TASK STATEMENT
Copy nothing but the lines running from the one containing "Altai @ Expo Seguridad" through the end of the listing below. Drop the pictures.

EXERCISE DATA
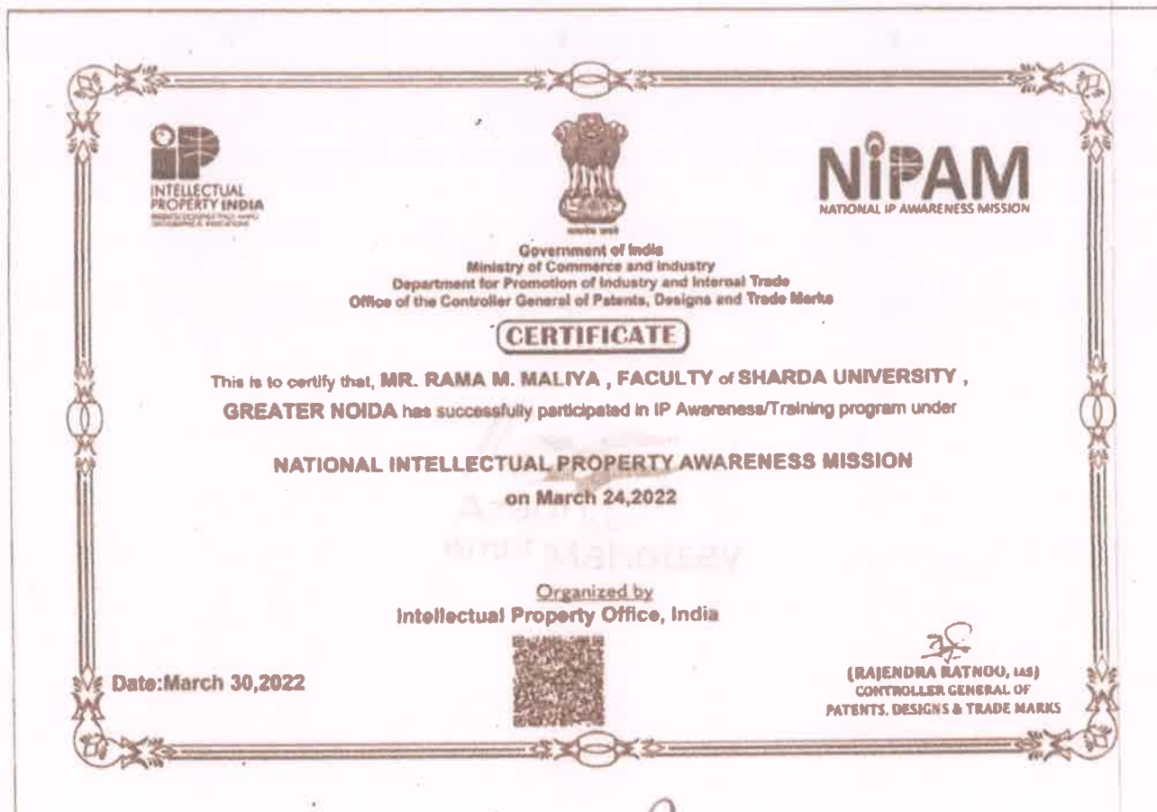
Figure 5: Sample Certificate

Internal Quality Assurance Cell (IQAC) SHARDA UNIVERSITY Plot No. 32-34, Knowledge Park - III Greater Noida-201308
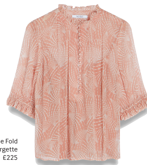
The Fold Tierney Blouse Silk Georgette £225
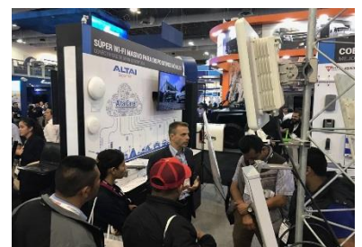
Altai @ Expo Seguridad
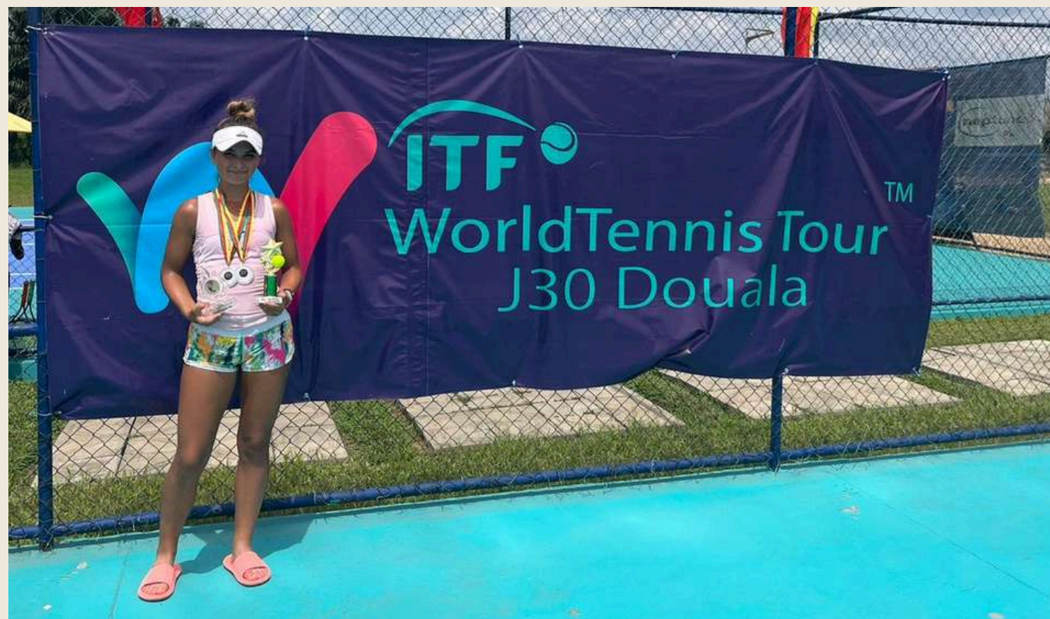
ITF J30 Champion
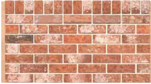
Tumbled Brick Kansas

ANSWER SECTION
Altai @ Expo Seguridad
ITF J30 Champion
Tumbled Brick Kansas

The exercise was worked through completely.